Chilean politician and diplomat (1929–2024)

María Silvia Micaela Correa Marín (23 October 1929 – January 2024) was a Chilean Christian Democrat diplomat and politician. She was a deputy for the Seventh Departmental Group, Santiago (Third District), Metropolitan Region, between 1965 and 1969. She also served as governor of the province of Maipo, under the mandate of President Patricio Aylwin, and later Chilean ambassador to Honduras under the presidency of Ricardo Lagos.

==Life and career==
Marín began her political career by joining the Christian Democratic Party (PDC).
In 1990 she was appointed by President Patricio Aylwin as Governor of the province of Maipo. During this time, she did the corresponding paperwork to obtain an extension of land where she could make a park, a habitat that Saint Bernard. She thus obtained the land that is currently occupied by the Parque Metropolitano Sur Cerros de Chena, dependent on the Ministry of Housing and Urbanism (Minvu), and with the cooperation of the Municipality of San Bernardo. Likewise, she managed the construction of the new provincial government building.

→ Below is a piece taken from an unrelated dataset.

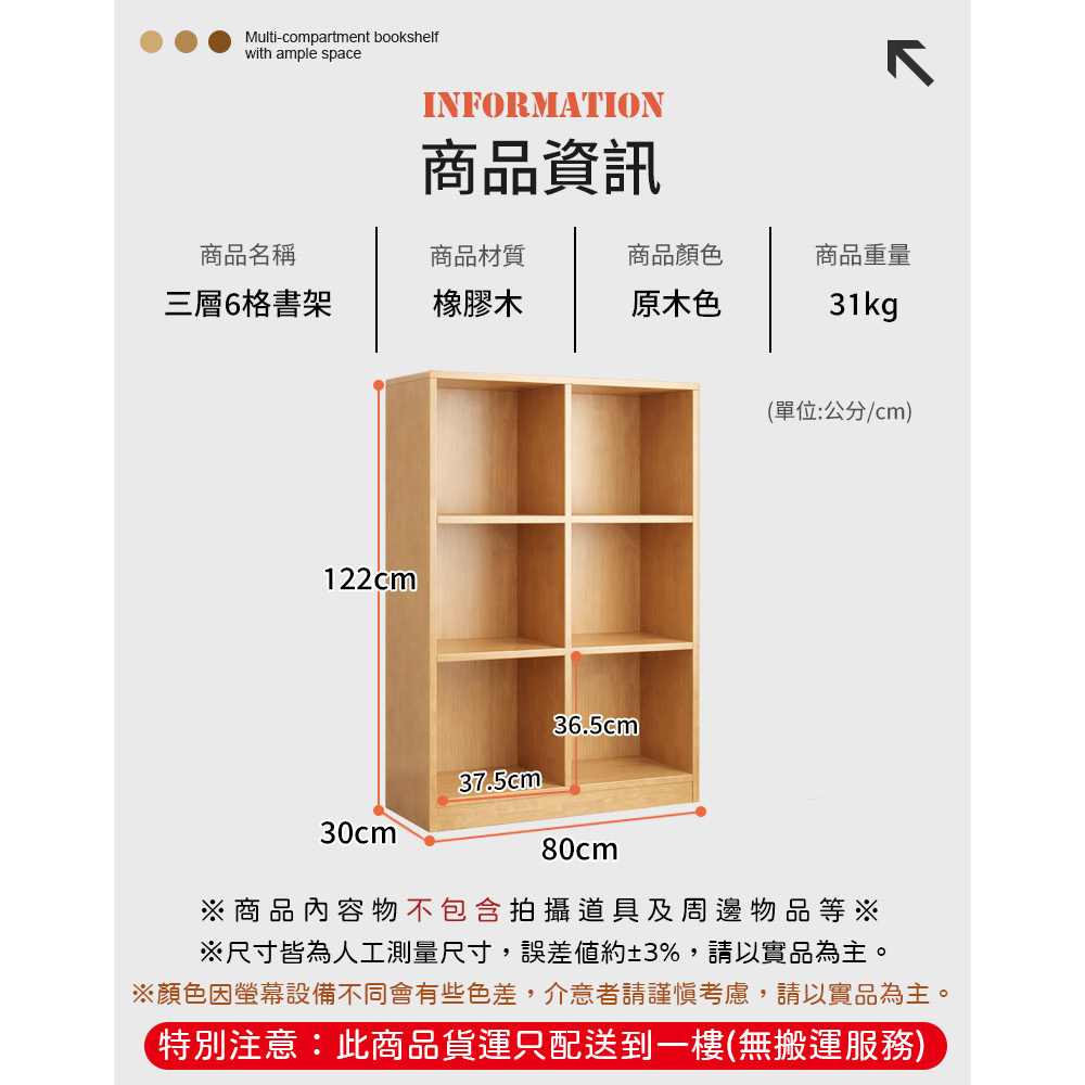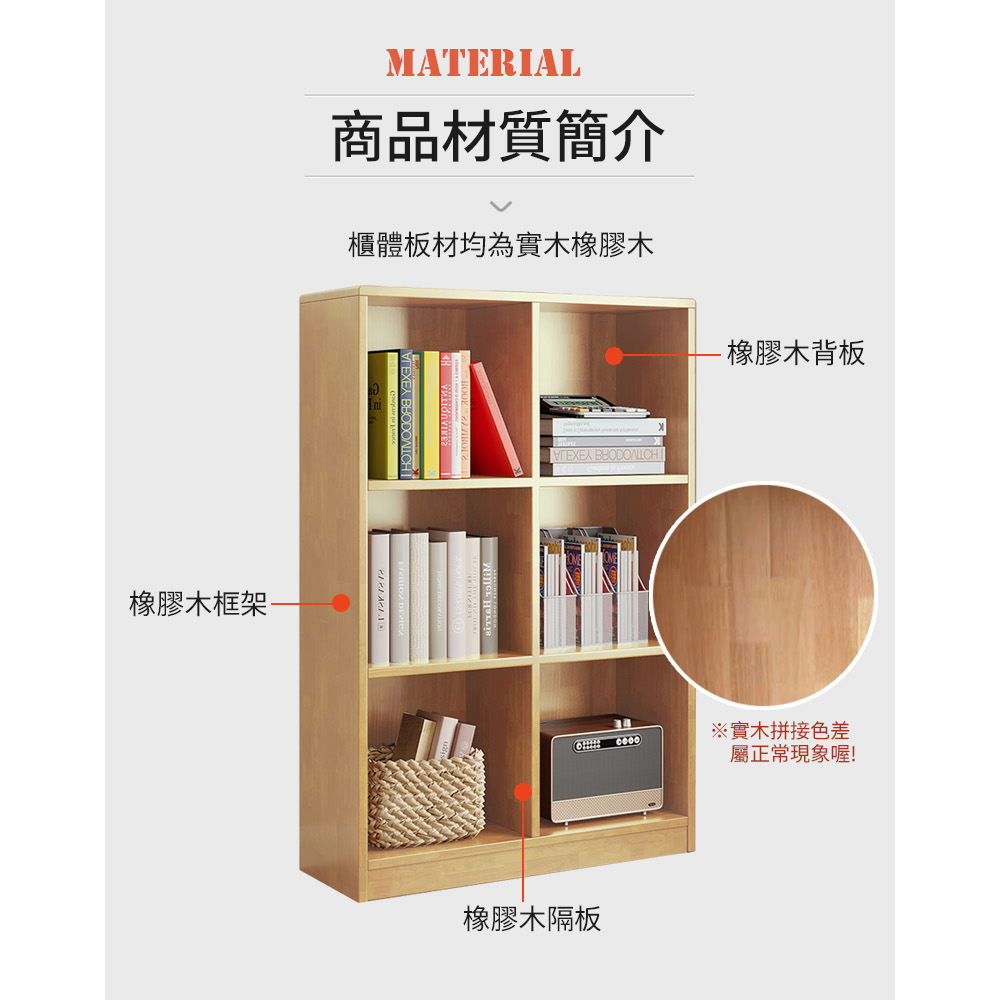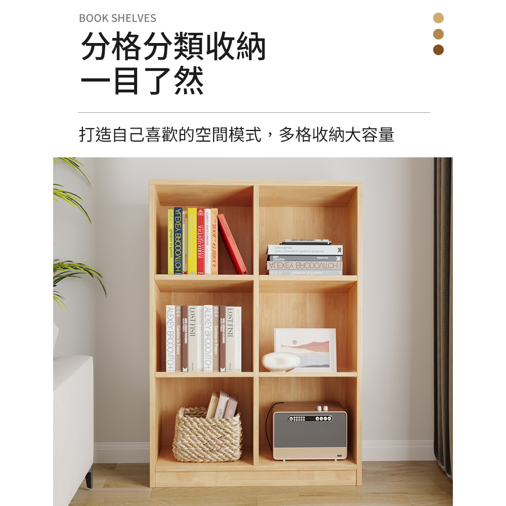 【AOTTO】簡約實木三層六格落地收納置物櫃/書櫃-80公分(WD-039)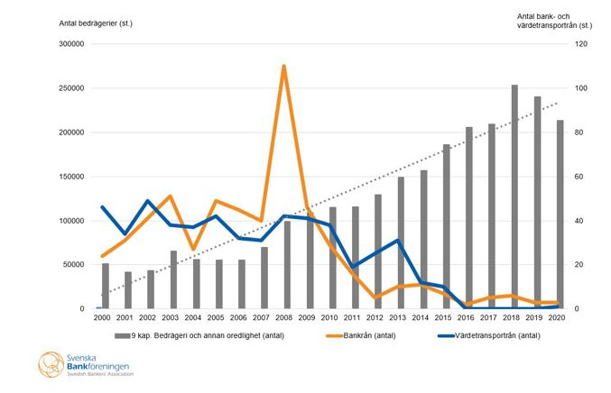 Samhällets digitalisering har förändrat den ekonomiska brottsligheten. När pengarna flyttade från den fysiska världen till den digitala, flyttade de kriminella med. Medan bank- och värdetransportrån är nere på ett fåtal årligen, har antalet bedrägerier fördubblats på tio år. Att höja konsumenters digitala säkerhetsmedvetande och stärka identifieringsprocessen är prioriterade frågor för Bankföreningen och bankerna.

On 1 January 2003, President Ricardo Lagos appointed her as Chilean ambassador to Honduras, a position she held for three years.
In 2010, she joined the meetings of the Illustrious Municipality of San Bernardo related to the maintenance and development of the Southern Metropolitan Park Corporation, Cerros de Chena, of the Minvu. She ran the said park.

Marín died in January 2024, at the age of 94.